Если ренегат и узнал его — он ничем не выдал этого и только фыркнул носом.

— Я бы не прожил так долго, если бы ввязывался в поединки, в которых не смог бы победить, когда у меня была возможность использовать другие пути. А ваша порода, похоже, взяла себе за правило встревать в конфликты, в которых у вас нет ни малейшего шанса. — Широким жестом он обвел помещение. — Поэтому ты и попал сюда, не так ли?

— Убери своих псов, предатель, и мы посмотрим, у кого тут нет шансов, — глаза Рафена сверкнули, мускулы на руках напряглись. Байл не обратил внимания на его выпад, бросив взгляд на Чейна.

— Его подобрали в океане.

— Какой подарок! Но я не желаю принимать его, пока не узнаю, чего он мне может стоить. Как он попал туда?

Новый Человек злобно взглянул на Рафена:

— Отвечай на вопрос повелителя, или снова испытаешь боль, Кровавый Ангел.

Рафен взглянул в ответ — с не меньшей злобой:

— Не прикидывайся, что до сих пор не знаешь.

— Может и знаю, — улыбнулся Чейн, — но хочу, чтобы ты сам рассказал обо всем.

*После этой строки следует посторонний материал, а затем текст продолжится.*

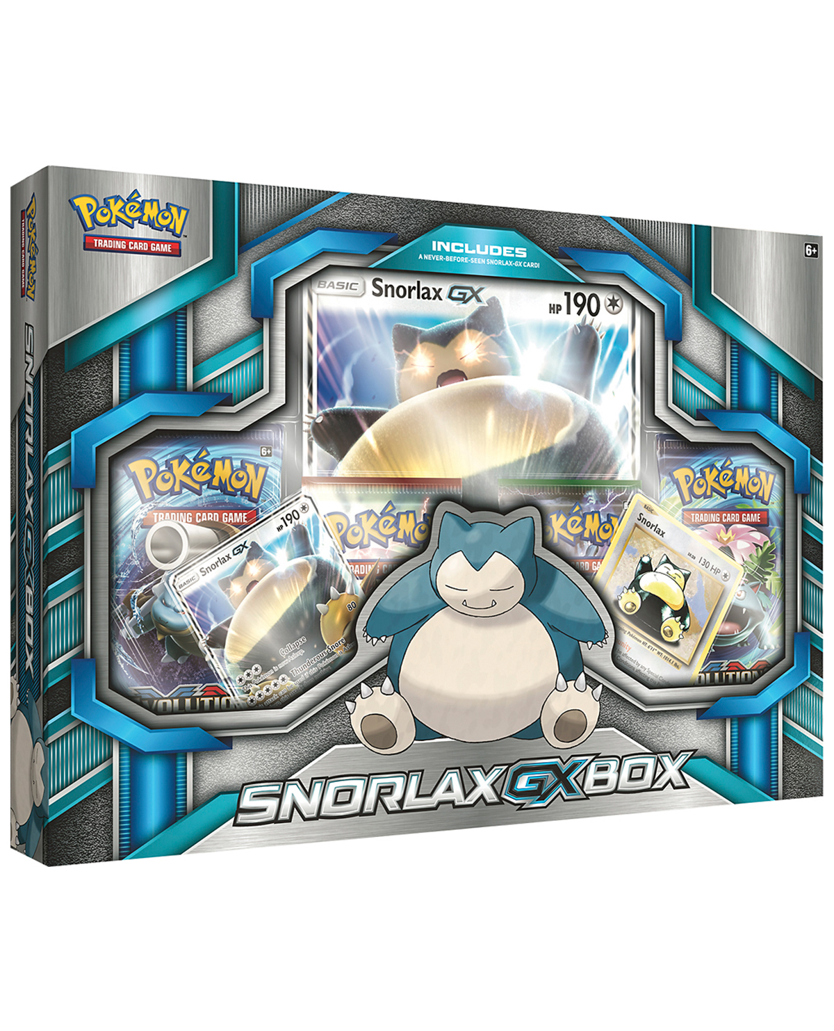 Snorlax es poderoso incluso cuando duerme, ¡y es aún más peligroso cuando finalmente se despierta como un Pokémon-GX! La caja Pokémon TCG: Snorlax-GX te trae lo mejor de dos estilos de Snorlax: Snorlax al estilo de las primeras cartas de Pokémon y un Snorlax-GX con una nueva mecánica de juego. ¡Dormido o despierto, el poderoso Snorlax sueña con la victoria!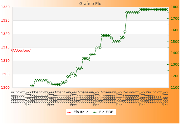 Elo FIDE: 1777    Migliore: 1777  (Dicembre 2025)    Peggiore: 1118  (Gennaio 2020)

— Я летел с Ваала, — ответил Рафен, — чтобы перебить вас всех.

Он повернулся к Байлу.

— И чтобы ты понес наказание, которое точно заслужил за оскорбление, что нанес моему Ордену.

— Он говорил, что прибыл один, — добавил Чейн, — на корабле этого идиота Зеллика.

Кровавый Ангел промолчал: андрогин подтвердил то, о чем он догадывался — каждое слово, сказанное в тюремных камерах, слышали шпионы Чейна.

— Он так сказал? — Байл задумался. — Одинокий Астартес, несущий возмездие за нанесенное оскорбление.

Он отступил назад, к второй двери.

— С чего бы он так взволновался из-за этого?

Ренегат свистящим шепотом произнес кодовое слово, и дверь опустилась вниз, открывая проход. Байл шагнул в него, сделав ленивый знак своему прислужнику.

— Ведите его.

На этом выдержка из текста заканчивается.